■ **Aim of the task**
Restate word for word the entries below, starting at the line with "Pyöreä sivupöytä, jossa" and ending at the line with "在右侧 AI 对话框中输入:通过". Keep both end lines and omit the pictures.

■ **Records shown**
********************

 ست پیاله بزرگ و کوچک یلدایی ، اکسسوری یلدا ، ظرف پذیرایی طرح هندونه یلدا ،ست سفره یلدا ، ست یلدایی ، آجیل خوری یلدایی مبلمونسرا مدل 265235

********************

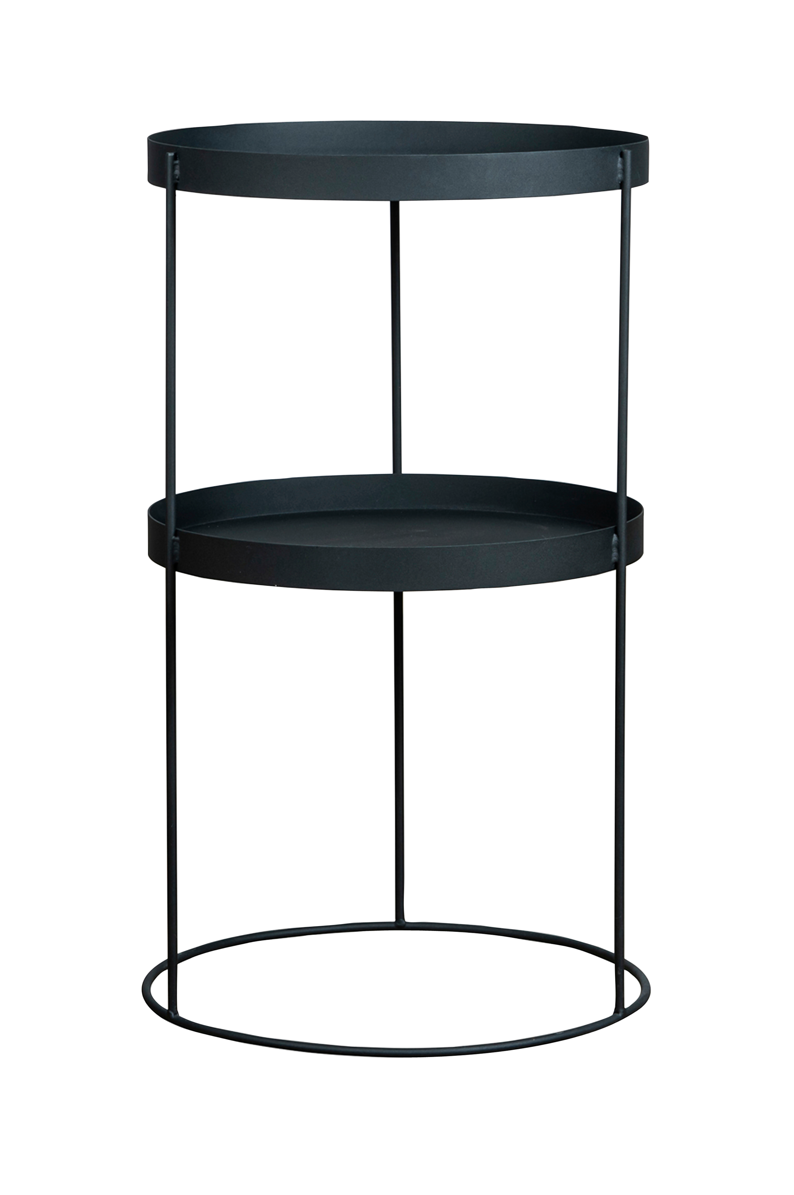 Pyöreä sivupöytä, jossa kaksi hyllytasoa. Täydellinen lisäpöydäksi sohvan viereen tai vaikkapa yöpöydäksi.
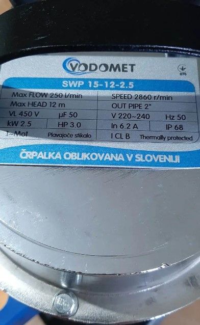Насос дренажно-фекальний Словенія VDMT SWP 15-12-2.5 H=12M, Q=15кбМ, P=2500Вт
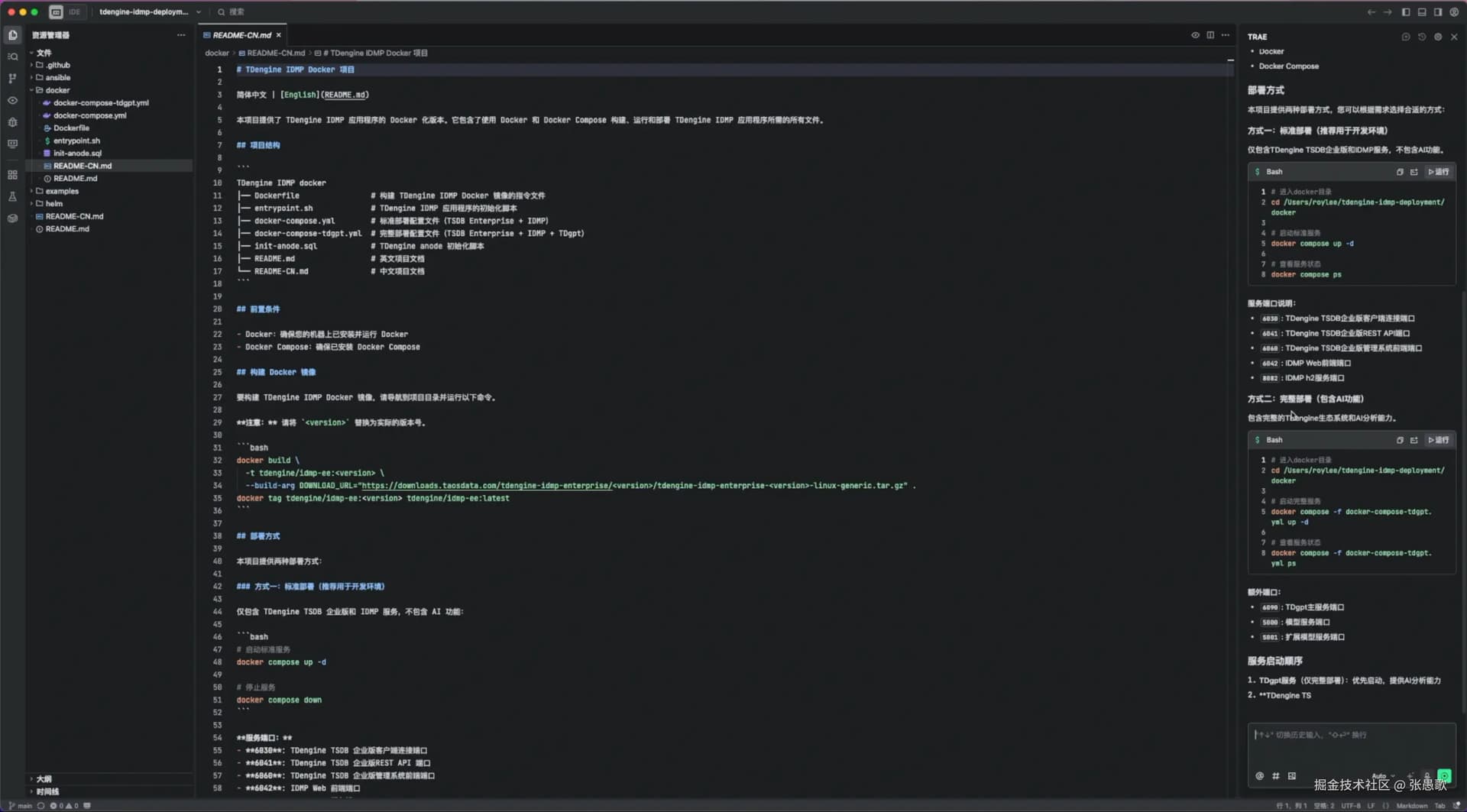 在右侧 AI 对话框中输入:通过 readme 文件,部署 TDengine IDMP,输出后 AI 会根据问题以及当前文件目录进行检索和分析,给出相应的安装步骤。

********************

■ **Your solution**
 Pyöreä sivupöytä, jossa kaksi hyllytasoa. Täydellinen lisäpöydäksi sohvan viereen tai vaikkapa yöpöydäksi.
Насос дренажно-фекальний Словенія VDMT SWP 15-12-2.5 H=12M, Q=15кбМ, P=2500Вт
 在右侧 AI 对话框中输入:通过 readme 文件,部署 TDengine IDMP,输出后 AI 会根据问题以及当前文件目录进行检索和分析,给出相应的安装步骤。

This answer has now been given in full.